After the interval, Chick’s charismatic personality meant more interaction with the audience, explaining that he would perform Gershwin’s, ‘Someone to Watch Over Me’ before ‘Rhapsody in Blue’. He improvised in a highly embellished, ornamented jazz solo – not as one usually hears it – using his recognisable virtuoso technique with clashing chromatics over a dominant bass pedal, then a hint at stride piano in his left hand.
On Saturday, ‘The Man I love’ was given similar treatment in Chick’s dazzling styles and moods before it segued seamlessly into a performance of, ‘Rhapsody in Blue’ – as never heard before.
The extended cadenzas were not improvised but written out, presumably by Corea himself, with extra syncopation, jazz and blues harmony which would have delighted the great George Gershwin, no doubt.
The orchestra responded with a Broadway Big-band sound, or a lush, lyrical quality from the superb string section, interspersed with excellent renditions of the famous clarinet solos from Carmelo Molina. Each cadenza became longer and more expansive, including quotes from ‘Spain’ and ‘The Man I Love’, until even the orchestra had an additional Latin section inserted before the bracing finale. Chick Corea’s innovation and faultless dexterity were met with standing ovations.
The prepared encore was a beautiful reinterpretation of Chick Corea’s signature piece, ‘Spain’. Opening with the haunting Cor Anglais solo (Juan Urbán) from Rodrigo’s Concierto de Aranguez for Guitar, it segued smoothly into a jazz piano improvisation on Corea’s theme, followed by solos from soprano saxophone (José López), trumpet (Roberto Bodi), vibraphone (Cayetano Gómez) and finally back to Corea. The audience responded with standing ovations and shouts for more.

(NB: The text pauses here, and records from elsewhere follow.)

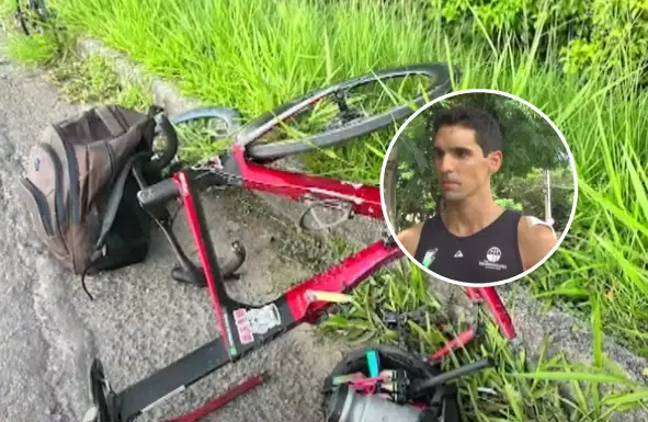 Matheus Machado de Azevedo, triatleta de 30 anos, foi atropelado na manhã deste sábado (29) enquanto pedalava pelo acostamento da Rodovia do Sol, em Vila Velha. O acidente deixou o atleta com ferimentos por várias partes do corpo e a bicicleta ficou completamente destruída. Testemunhas relataram que ele foi arrastado por alguns metros após o impacto.
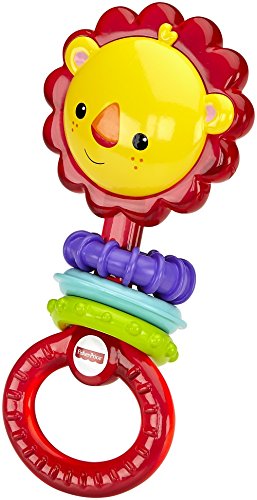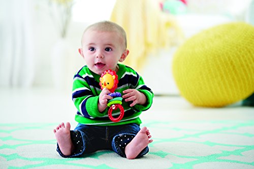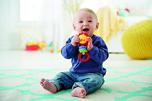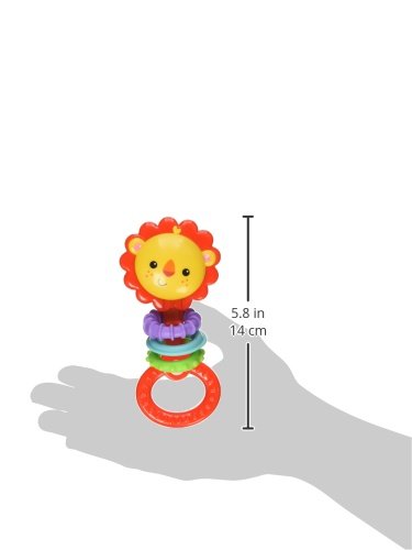 -. Feature : Classic dumbbell rattle design with a fresh, new twist / Clacker beads make fun click-clack sounds when baby shakes rattle / Easy for little hands to grasp, hold and shake / Helps give fine motor skills a ferociously fun workout / Great for entertaining baby on-the-go
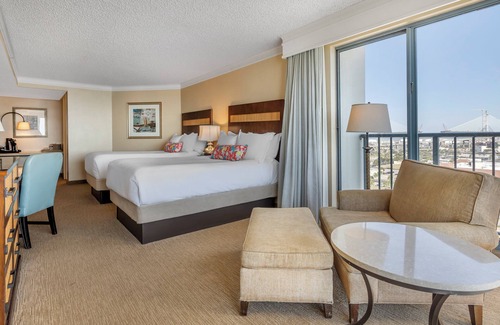 Your stay at the Omni Corpus Christi Hotel will be enhanced by a wealth of luxurious amenities. Indulge in delicious cuisine at one of the two on-site restaurants or unwind with a refreshing drink at the poolside bar. Guests can enjoy the indoor and outdoor pools, a state-of-the-art health club, and serene spa services. With 475 elegantly appointed rooms adorned with premium bedding, balconies, and modern conveniences like complimentary WiFi and flat-screen TVs, every detail is tailored to elevate your experience and provide comfort for you and your guests.
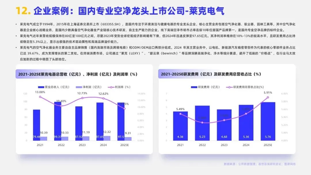 莱克电气成立于1994年,2015年在上海证券交易所上市(603355.SH),是国内专注于环境清洁与健康电器的专业龙头企业,核心主营业务包括空气净化器、吸尘器、园林工具等,其中空气净化器是企业核心战略业务,是国内少数具备空气净化器全产业链核心技术研发、自主生产能力的企业,线下高端空净市场市占率连续10年位居国产品牌第一,是国内专业空净品牌的标杆企业。
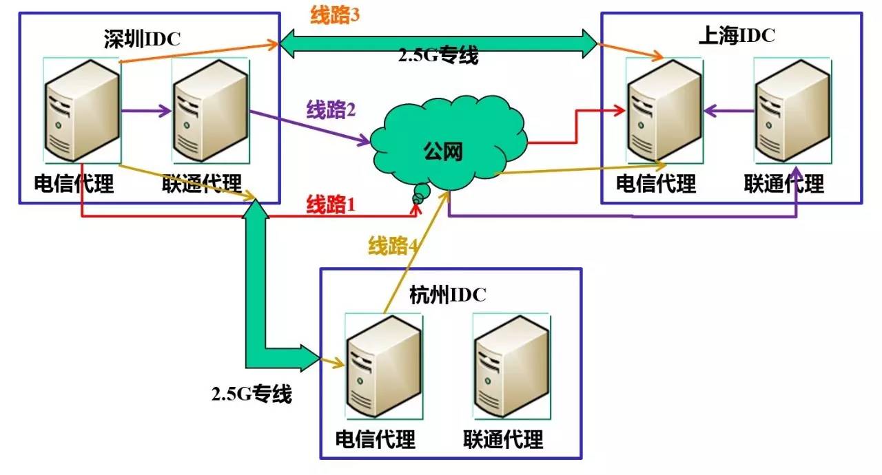 下图是笔者在前公司主导过的一个异地分布项目,当时在深圳和上海两地分布了完整的服务,杭州分布了有限服务(只在故障时临时启用)。从图中可以看到深圳和上海两地的同步和互访通道建立了4条,并根据实时监控的通道质量来动态调度。
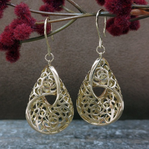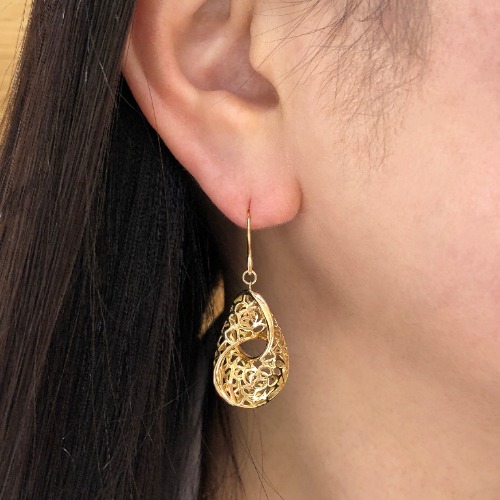 立体的なフォルムがどの角度から見ても美しい、しずく型の透かし模様ピアス。
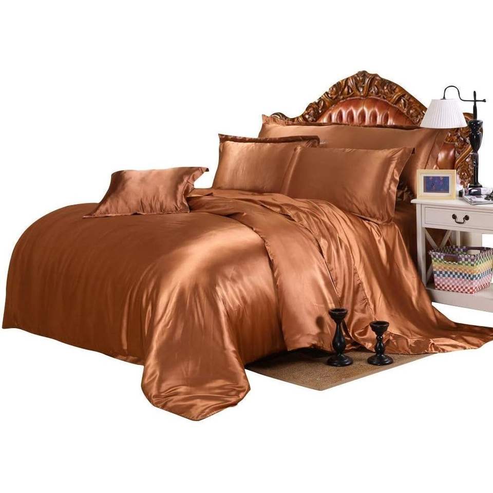 Abp Collection Satin Bed Sheet Set Queen Size 4 Piece Solid Brown Deep Pocket Wrinkle Resistant Home Use
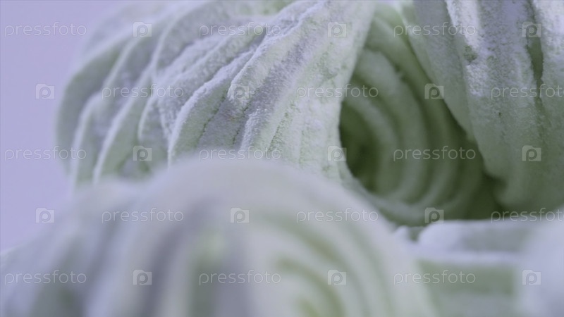пышный белый зефирь в голубой круглой таре на старом деревянном столе с закрытым копировальным пространством. закройте много пушистых сладких круглых зефиров на белом блюде. на заднем плане Полк. боковой вид
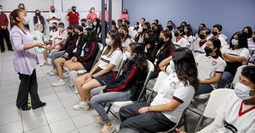 Ciudad Victoria, Tamaulipas.- Con la finalidad de hacer conciencia entre adolescentes y jóvenes en edad reproductiva, el Sistema DIF Tamaulipas que preside la doctora María de Villarreal impartió pláticas de prevención de adicciones y embarazo a temprana edad, acoso escolar y primeros auxilios.
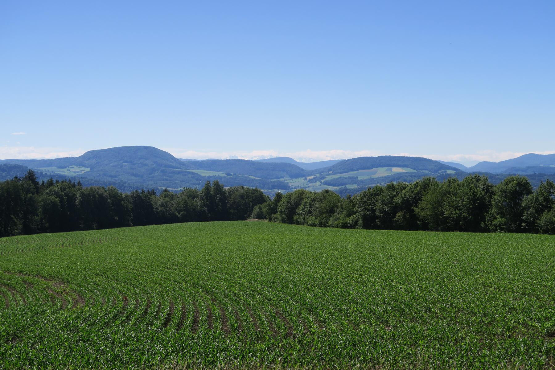 Zurückam Pflanzgarten wandern wir geradeaus entlang der gelben Raute zumWanderparkplatz Thimos. Nun nach rechts und zur wunderschöngelegenen Antoniuskapelle. Das kleine Gotteshaus ist wie das gesamteNaturschutzgebiet Thimos ein beliebtes Naherholungsziel für dieBewohner der Hochrheinregion. Vom Abzweig Thimos steuern wir nocheinmal ins Murgtal hinab, welches wir bei der Lochmühle erreichen.Auch diesmal geht es direkt wieder bergan. Über eine aussichtsreicheKuppe gelangen wir zur Herz Jesu Kapelle in Harpolingen, einemOrtsteil der Stadt Bad Säckingen. Auf der Dorfstraße kurz rechts,dann links in die Moosstraße und rechter Hand auf dem Neumattweg ausder Bebauung hinaus. Am Wegweiser Fluth wechseln wir von der gelbenauf die blaue Raute und steigen nach links in einen steilenTaleinschnitt hinab. Zwischendurch erhebt sich markant vor uns der Spitzbühl, den man in einem unmarkierten Abstecher besteigen kann.
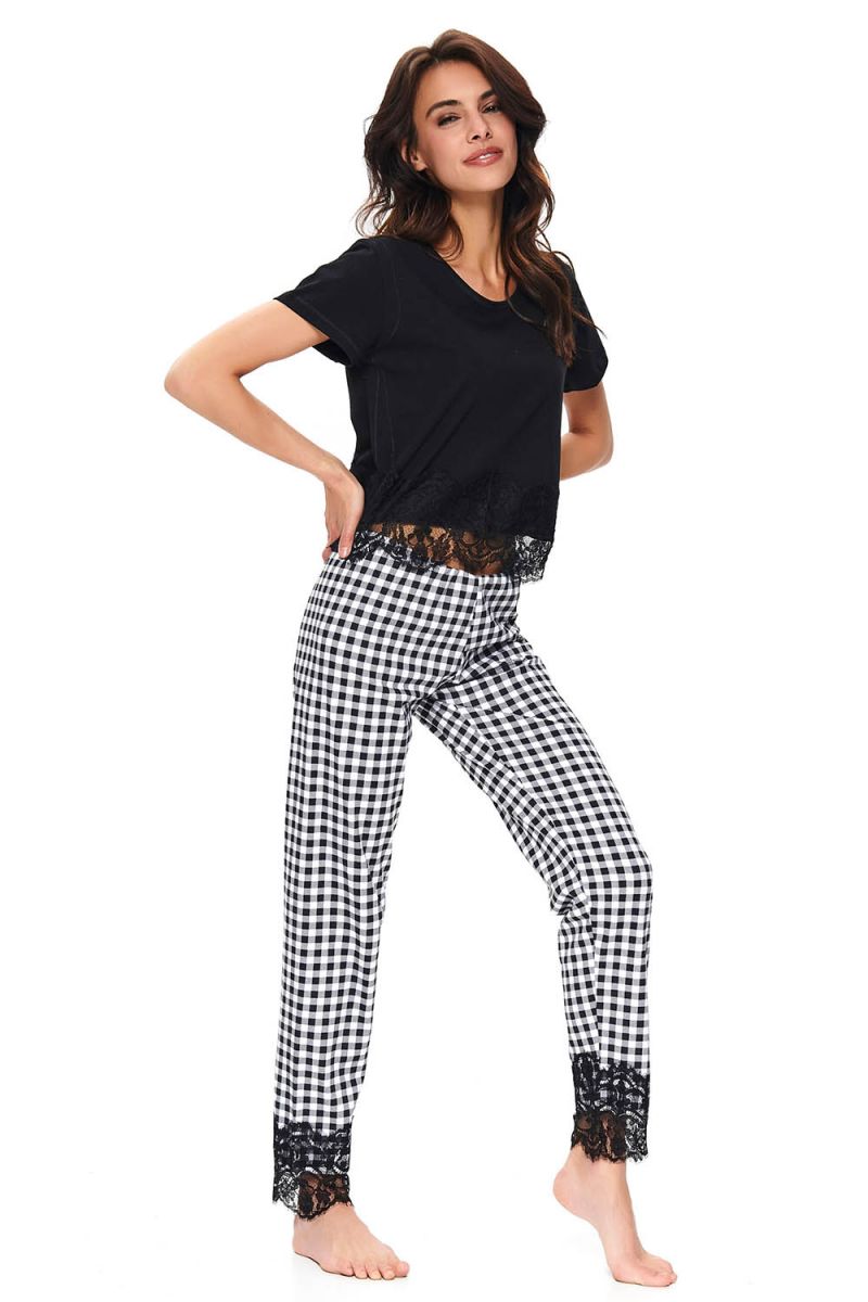 Пижама женская Doctor Nap, топ с кружевом и клетчатые брюки, черный с белым, размер L, 100% хлопок
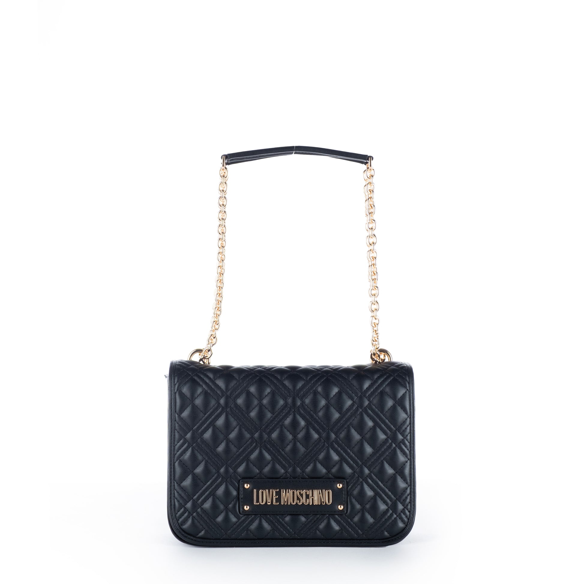 A Bolsa Love Moschino é a combinação perfeita de elegância e modernidade. Apresenta design acolchoado em preto com alças de corrente dourada, detalhes em metal e fecho magnético. Ideal para eventos casuais ou formais, é feita de materiais de alta qualidade que garantem durabilidade e estilo

The second, unprepared encore was a return to the final bars of ‘Rhapsody in Blue’, introduced with a Blues-based improvisation of the cadenza using iconic Corea chords, licks and a walking bass, bringing the whole momentous performance to an overwhelming conclusion. There were as many accolades afterwards as there were members of the audience - those lucky enough to have witnessed a Living Legend live in Oman.